*Problem to solve*
I need the lines from the one containing "blur: 0」、「Ground color:赤」にしました。" through the last line of the entries retyped exactly, with no pictures among them.

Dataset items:
%%
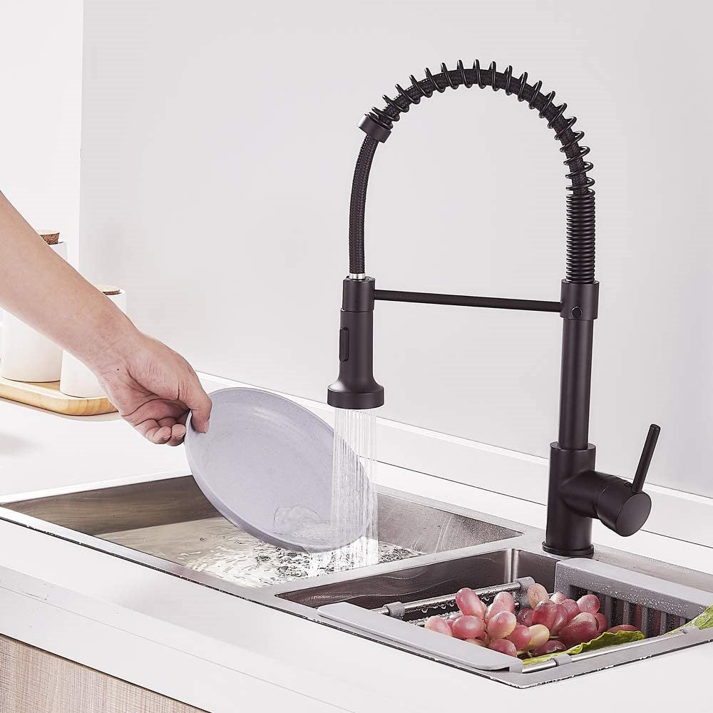 Grifo para Fregador de Cocina con resorte extraíble, Negro Mate.
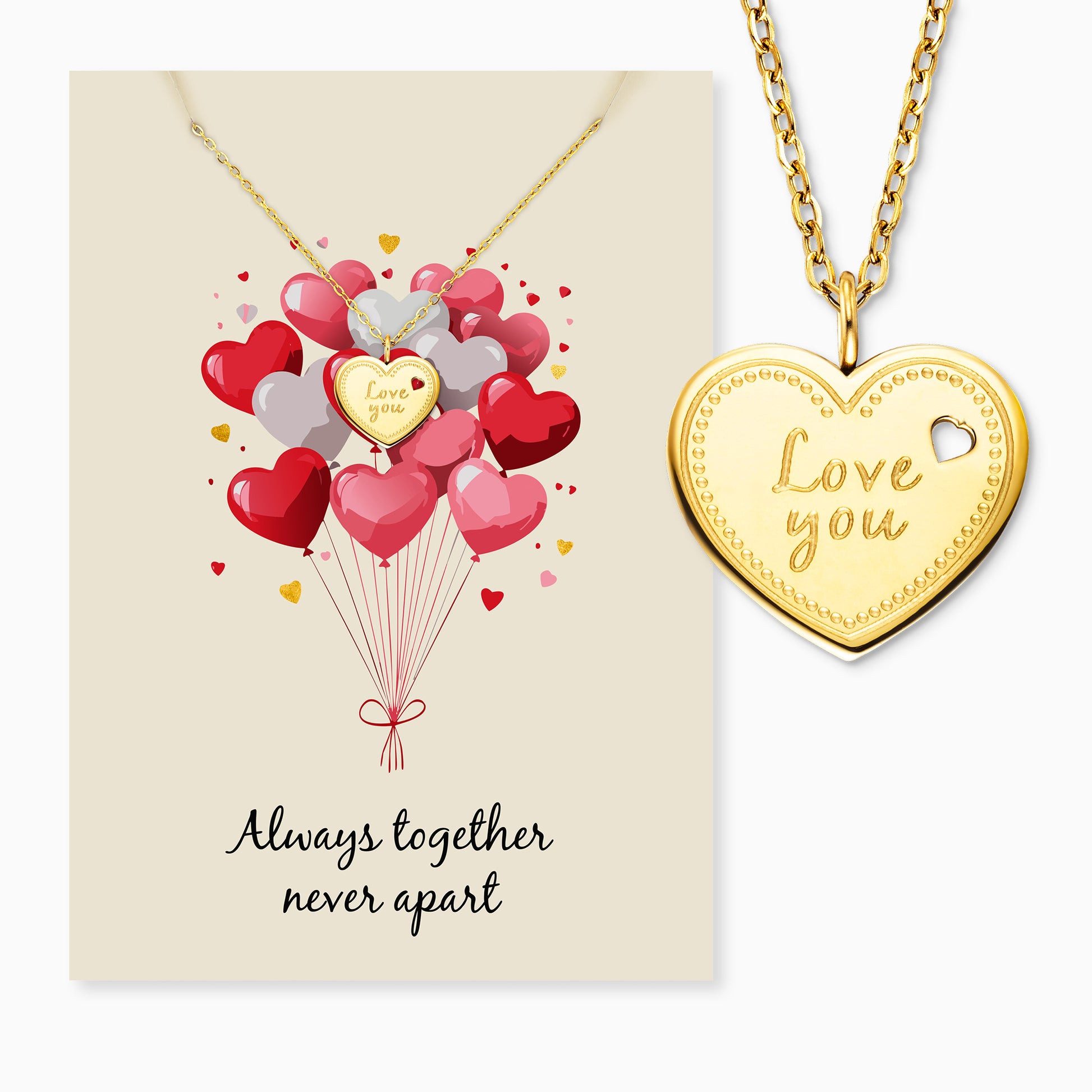 Grußkarte Love You mit Halskette Edelstahl Gold
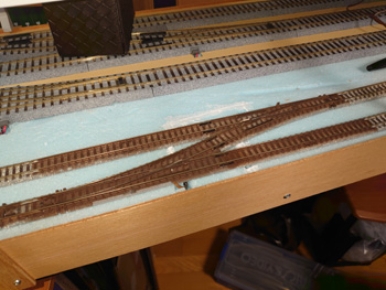 | Nの地上線の複線には両渡り線(ダブルクロスポイント)を2ヶ所入れてありますが、機関区に入るところの両渡り線はオーバースペックなので、片渡り線に変更しました。ポイントマシンの位置も変わりますし、敷設後の線路取り替えはかなり面倒なので迷いましたが、まだ情景の作り込み前なのでなんとか無事に取り替え工事を終えることができました。使わなくなったダブルクロスポイントは、新幹線用の高架線(工事中)に使います。 |
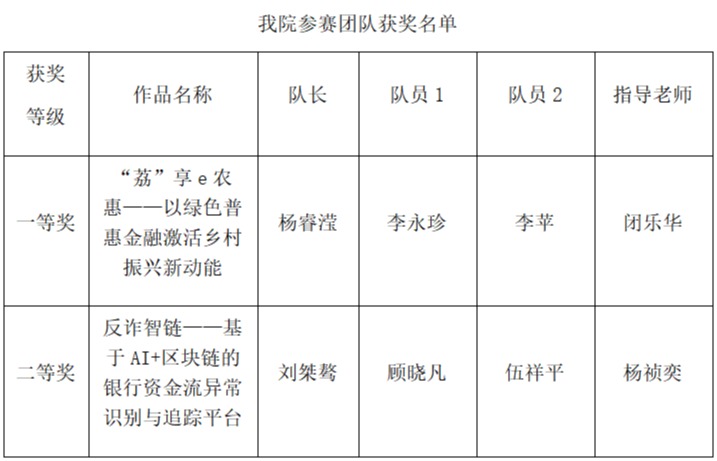 在激烈的现场路演与答辩环节,公司学子凭借扎实的专业功底和出色的现场表现脱颖而出。最终,由闭乐华老师指导,杨睿滢、李永珍、李苹组成的团队凭借作品《“荔”享e农惠——以绿色普惠金融激活乡村振兴新动能》荣获赛区一等奖;由杨祯奕老师指导,刘桀骜、顾晓凡、伍祥平组成的团队凭借作品《反诈智链——基于AI+区块链的银行资金流异常识别与追踪平台》斩获赛区二等奖。
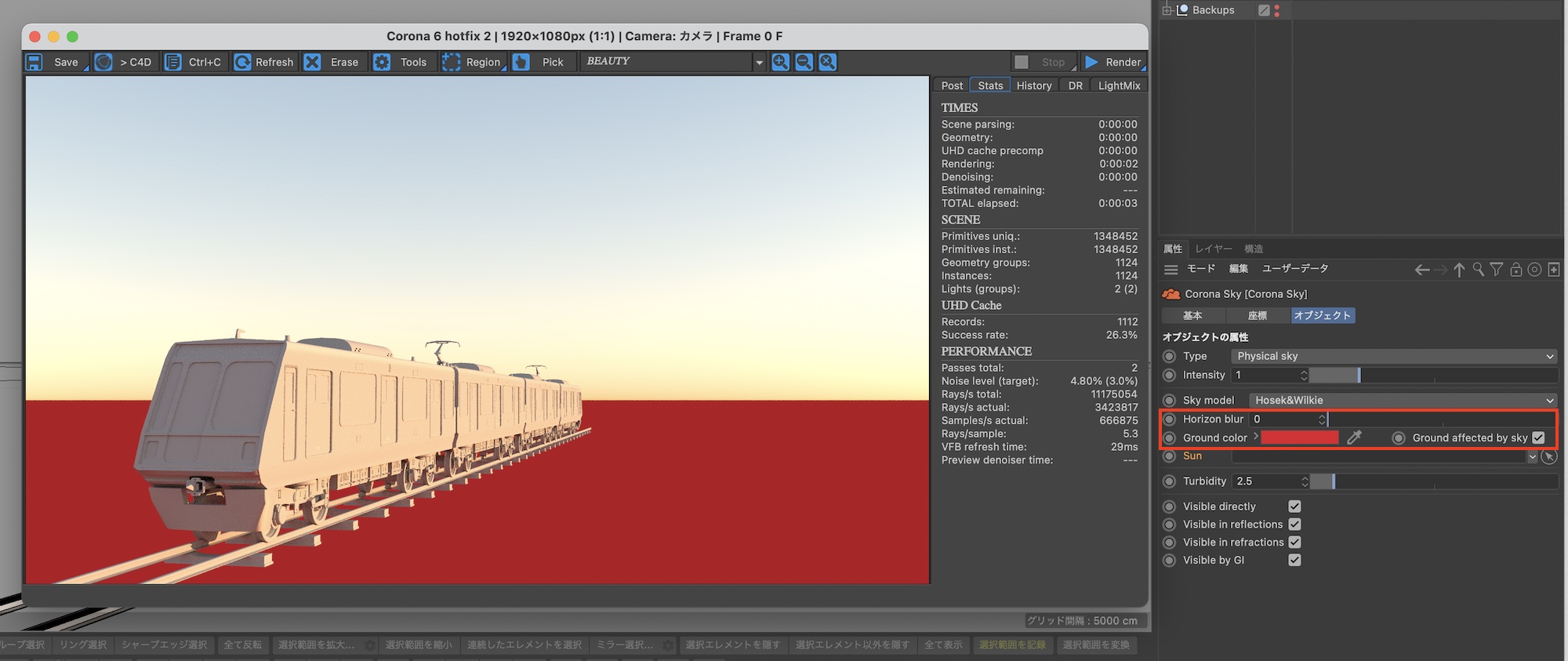 なお、「Horizon blur」から地平線のぼかしの強度の変更を行い、「Ground color」から地面の色の設定を行えます。下の例では「Horizon blur: 0」、「Ground color:赤」にしました。
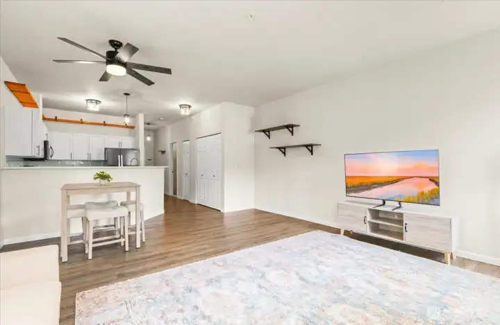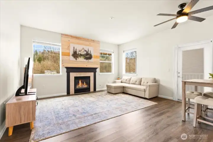 Prime location! Welcome to this beautifully updated condo in the desirable Riverfront Landing community. This light-filled home features 9-ft ceilings, an open floor plan, and a stunning remodeled kitchen with massive granite countertops, new cabinetry with soft-close drawers, stainless steel appliances, and abundant storage. The spacious living area offers a stylish accent wall and cozy gas fireplace, opening to an oversized wrap-around deck—perfect for morning coffee, relaxing evenings, or entertaining guests. The oversized primary suite provides plenty of space to relax or work from home, complete with a private bath featuring dual vanities and a generous walk-in closet. Enjoy an incredible outdoor lifestyle right outside your door. Located along the Sammamish River with direct access to the Burke-Gilman Trail, you can bike, walk, or explore miles of scenic trails. Stroll into downtown Bothell for coffee, dining, and local shops, or launch your kayak and paddle toward Woodinville’s wineries. Additional highlights include extra exterior storage, two designated covered parking spaces in a secure garage, kayak storage, guest parking, and convenient elevator access. Ideally located just minutes from major freeways, shopping, dining, recreation, and Lake Washington, this home offers the perfect balance of nature, convenience, and vibrant Eastside living. Experience the beauty of riverfront living—schedule your showing today.
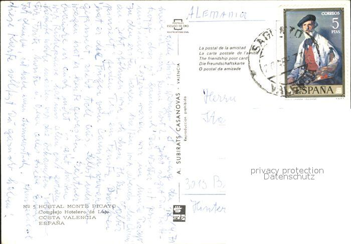 old postcard Spanien Costa Valencia Hostal Monte Picayo postalisch gelaufen Erhaltung siehe scans
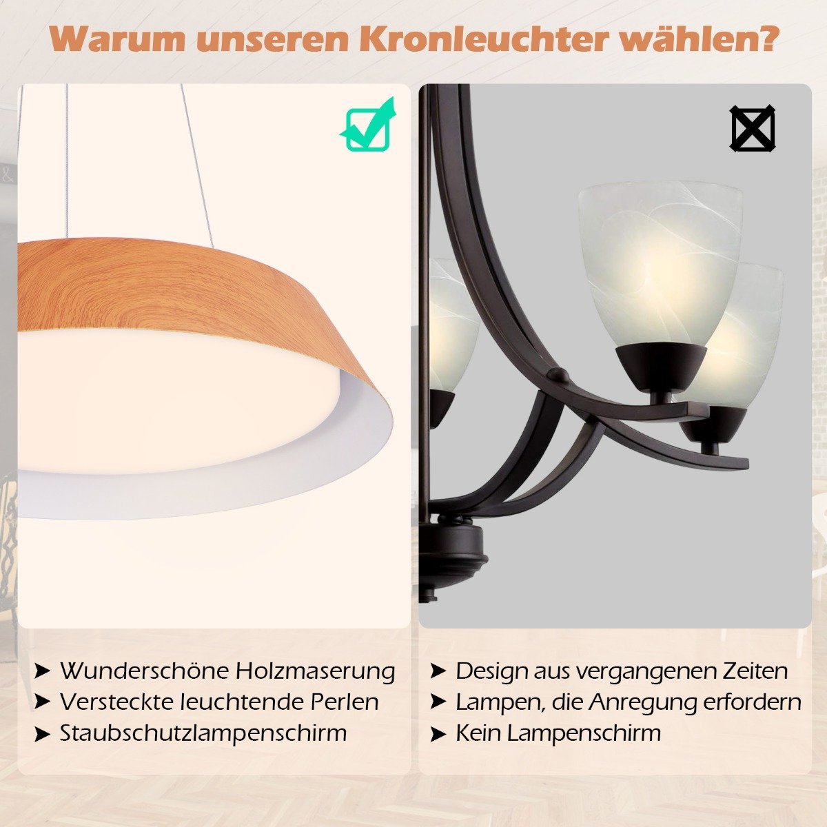 - Stilingas dizainas su medžio imitacijos raštu.
%%
*The answer*
 なお、「Horizon blur」から地平線のぼかしの強度の変更を行い、「Ground color」から地面の色の設定を行えます。下の例では「Horizon blur: 0」、「Ground color:赤」にしました。
 Prime location! Welcome to this beautifully updated condo in the desirable Riverfront Landing community. This light-filled home features 9-ft ceilings, an open floor plan, and a stunning remodeled kitchen with massive granite countertops, new cabinetry with soft-close drawers, stainless steel appliances, and abundant storage. The spacious living area offers a stylish accent wall and cozy gas fireplace, opening to an oversized wrap-around deck—perfect for morning coffee, relaxing evenings, or entertaining guests. The oversized primary suite provides plenty of space to relax or work from home, complete with a private bath featuring dual vanities and a generous walk-in closet. Enjoy an incredible outdoor lifestyle right outside your door. Located along the Sammamish River with direct access to the Burke-Gilman Trail, you can bike, walk, or explore miles of scenic trails. Stroll into downtown Bothell for coffee, dining, and local shops, or launch your kayak and paddle toward Woodinville’s wineries. Additional highlights include extra exterior storage, two designated covered parking spaces in a secure garage, kayak storage, guest parking, and convenient elevator access. Ideally located just minutes from major freeways, shopping, dining, recreation, and Lake Washington, this home offers the perfect balance of nature, convenience, and vibrant Eastside living. Experience the beauty of riverfront living—schedule your showing today.
 old postcard Spanien Costa Valencia Hostal Monte Picayo postalisch gelaufen Erhaltung siehe scans
 - Stilingas dizainas su medžio imitacijos raštu.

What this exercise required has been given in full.